No, none for me, my lad. I did but glance at your brisk figure in order to
catch a reflected light and throw it upon your old rival yonder.
Again, in order to invest my conception of the old man with a more decided
sense of reality, I look at him in the very moment of intensest bustle, on the
arrival of the cars. The shriek of the engine as it rushes into the car-house
is the utterance of the steam fiend, whom man has subdued by magic spells and
compels to serve as a beast of burden. He has skimmed rivers in his headlong
rush, dashed through forests, plunged into the hearts of mountains, and glanced
from the city to the desert-place, and again to a far-off city, with a meteoric
progress, seen and out of sight, while his reverberating roar still fills the
ear. The travellers swarm forth from the cars. All are full of the momentum
which they have caught from their mode of conveyance. It seems as if the whole
world, both morally and physically, were detached from its old standfasts and
set in rapid motion.
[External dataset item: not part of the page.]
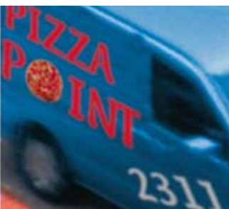
2 Vehicle graphics Pressure-sensitive vinyl for fleet graphics, vehicle wraps, and decals. Kiss-cut and contour-cut.

And, in the midst of this terrible activity, there sits
the old man of gingerbread, so subdued, so hopeless, so without a stake in
life, and yet not positively miserable,—there he sits, the forlorn old
creature, one chill and sombre day after another, gathering scanty coppers for
his cakes, apples, and candy,—there sits the old apple-dealer, in his
threadbare suit of snuff-color and gray and his grizzly stubble heard. See! he
folds his lean arms around his lean figure with that quiet sigh and that
scarcely perceptible shiver which are the tokens of his inward state. I have
him now. He and the steam fiend are each other’s antipodes; the latter is the
type of all that go ahead, and the old man the representative of that
melancholy class who by some sad witchcraft are doomed never to share in the
world’s exulting progress. Thus the contrast between mankind and this desolate
brother becomes picturesque, and even sublime.
And now farewell, old friend! Little do you suspect that a student of human
life has made your character the theme of more than one solitary and thoughtful
hour. Many would say that you have hardly individuality enough to be the object
of your own self-love. How, then, can a stranger’s eye detect anything in your
mind and heart to study and to wonder at? Yet, could I read but a tithe of what
is written there, it would be a volume of deeper and more comprehensive import
than all that the wisest mortals have given to the world; for the soundless
depths of the human soul and of eternity have an opening through your breast.
God be praised, were it only for your sake, that the present shapes of human
existence are not cast in iron nor hewn in everlasting adamant, but moulded of
the vapors that vanish away while the essence flits upward to the infinite.
There is a spiritual essence in this gray and lean old shape that shall flit
upward too. Yes; doubtless there is a region where the life-long shiver will
pass away from his being, and that quiet sigh, which it has taken him so many
years to breathe, will be brought to a close for good and all.